Literary

Interview: Patti Smith

by / Apr. 14, 2015 10pm EST

When she played the last-ever show at the storied CBGBs, Patti Smith went on a riff in her version of “So You Wanna Be a Rock and Roll Star.” You can watch the video online; it will make you want to make something.  “This is the era / Where everybody creates,” she shouts.  “It’s all open / It’s all open to you / It’s all up to you / What are you going to fucking do with it?”

So, just do it— but really, do it. Get up at five in the morning, like Smith does, and write until the shrieks from a nearby school drive you away from your keyboard. Learn to take photographs. Do some art, write a book, sing a song. Work for a politician. Perform your poetry. Make a record. With a little help from your star-spangled friends, or if they’re gone, by yourself. This is the era where everybody creates. Save the world.

What Smith has been creating is a followup to her humane and lovely memoir Just Kids.  That book won the National Book Award in 2010, and reminded anyone who needed reminding how spectacular a force Smith has been for all our lives. In the meantime, of course, she has been doing everything else: touring with her beloved band; writing Oscar-nominated music for the movie Noah; playing the Vatican. Though she’ll tell you that she dropped out of rock and roll to raise a family, she never quit being an artist or reading poetry or writing, writing, writing. 

Smith will be the last of this year’s speakers in Just Buffalo Literary Center’s Babel Series, at 8pm on Friday at Kleinhans. General admission tickets are still available, but going fast; visit justbuffalo.org or call 832-5400. Students with ID get in for $10. They’ll also be announcing next year’s lineup, so get ready to swoon.


Just Kids struck me as so gentle and so kind and so full of love. How do you handle being a rock star without the fury? And being a writer, it seems, without much cynicism? 
Well, first of all, the way that I handle being a performer is that I never think—I don’t have any image of myself as a rock star. I might have had a brief image of myself as a rock star when I was young, you know, in my 20s, and it was exciting, and I had that sort of frontal, idealistic energy. I still maintain my idealism, but at this time of my life, I think of myself more as sort of a friend, or a performer; I hardly think of myself as a rock star, you know. I have children, I’m 68 years old, I don’t live that kind of lifestyle, you know. I live in my own way fairly simply, and have since 1979, when I left the public arena. 

Last time I thought of myself as a rock star was probably then, 1978…and it was exciting, but now I just think of it as the work that I do. And it doesn’t make me any different, any better or in any way more exciting than any other person. I just have command of my discipline. You know, when I go on stage in front of 100,000 people, or 10 people, I go with the same intent, and that’s to communicate. And when I get off the stage, I’m just myself, you know, going about my day. So I think that it’s not only healthy, mentally and emotionally healthy, it’s actually, you know, I think in all ways has added to my longevity as a performer and singer. I’m physically healthy, I haven’t destroyed my voice, I’ve never had a real, what people would imagine a rock-and-roll lifestyle would be. Because if you actually take away the glamour that people attach to it, or the sex and drugs and things like that, what you really have is a very grueling job. Sometimes you’re on a tour bus, I’m on a tour bus with nine guys, driving from Poland to could be some other country, and it takes 11 hours on a bus and a lot of it is tedious, it’s long, you have long waits between sound checks and going on stage, the technical difficulties. It’s not really a glamorous life; it’s kind of an innocent military-style life. It’s like boot camp. You get in your bus.

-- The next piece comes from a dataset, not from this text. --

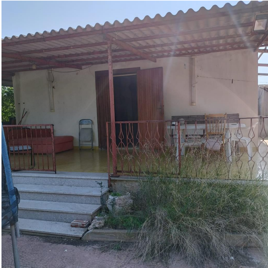
FOTO n.1 - Ingresso fabbricato

But it’s a lifestyle I actually like. I’m not really attracted to a glamorous lifestyle; I like a work-ethic driven lifestyle. So, sorry my answer’s so long, but I think the short answer would be, I focus on the work. I don’t focus on the ephemera around the work, or a lifestyle around the work; I focus on the work, and that’s what keeps me grounded.  

And in terms of writing, writing is a solitary, you know, it’s completely different than performing. Performing, you’re constantly in the public eye, you’re giving, you’re extending yourself, and writing is very solitary, and you’re basically your own mirror, so you know you have to stay healthy to do that as well. I think writing is in some ways more grueling than performing.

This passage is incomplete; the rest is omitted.